▶ **Problem statement**: Word for word, the data below must be repeated in full; no picture is to be included.

▶ **Data below**:
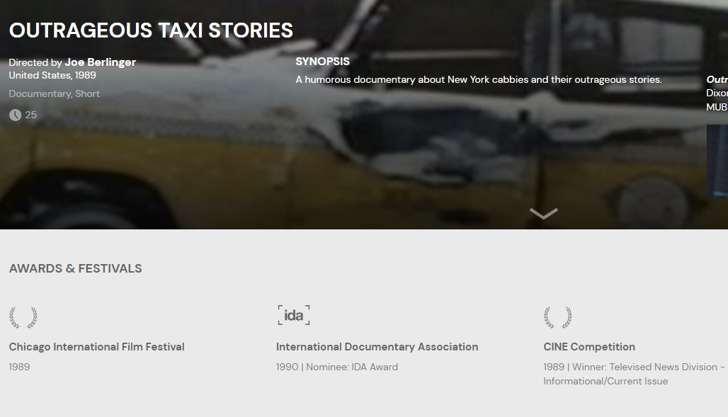 (The story is partially told in a film documentary ‘Outrageous Taxi Stories’, by Joe Berlinger. You used to be able to see it online, but satan saw to it that it was removed. I still have my VHS copies).
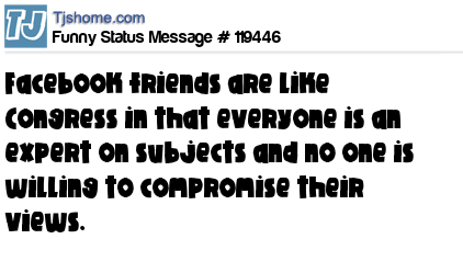 X Facebook friends are like Congress in that everyone is an expert on subjects and no one is willing to compromise their views.
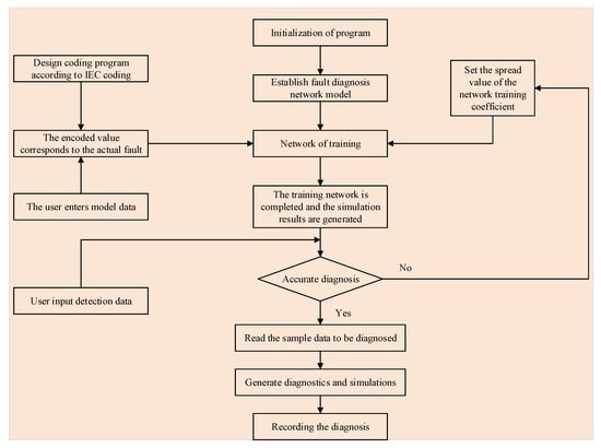 As shown in Figure 5 below, transformer fault diagnosis mainly includes three steps: information coding, data training and fault diagnosis, of which the data training module and fault diagnosis module are the core parts of transformer fault diagnosis. The input data of PSO-PNN fault diagnosis is the dissolved gas, and the output result is the fault type. When the data sample obtained is the content of CH4, H2, C2H2, C2H4 and C2H6, it needs to be coded according to the coding rules shown in Table 1. If the data sample obtained is the ratio of the three gases, it can directly carry out data training and fault diagnosis.
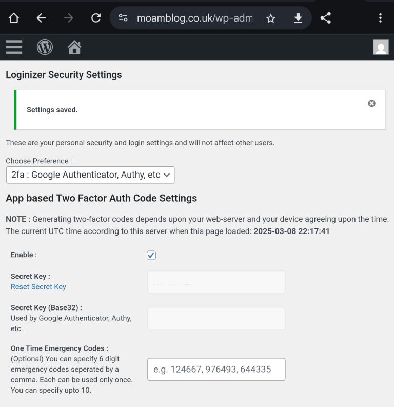 - Back in your MoaM Blog dashboard, there will likely be a field to enter a verification code (or Loginizer might automatically detect the setup once the code is scanned). Enter the current six-digit code displayed in the Authenticator app.

▶ **Response**:
 (The story is partially told in a film documentary ‘Outrageous Taxi Stories’, by Joe Berlinger. You used to be able to see it online, but satan saw to it that it was removed. I still have my VHS copies).
 X Facebook friends are like Congress in that everyone is an expert on subjects and no one is willing to compromise their views.
 As shown in Figure 5 below, transformer fault diagnosis mainly includes three steps: information coding, data training and fault diagnosis, of which the data training module and fault diagnosis module are the core parts of transformer fault diagnosis. The input data of PSO-PNN fault diagnosis is the dissolved gas, and the output result is the fault type. When the data sample obtained is the content of CH4, H2, C2H2, C2H4 and C2H6, it needs to be coded according to the coding rules shown in Table 1. If the data sample obtained is the ratio of the three gases, it can directly carry out data training and fault diagnosis.
 - Back in your MoaM Blog dashboard, there will likely be a field to enter a verification code (or Loginizer might automatically detect the setup once the code is scanned). Enter the current six-digit code displayed in the Authenticator app.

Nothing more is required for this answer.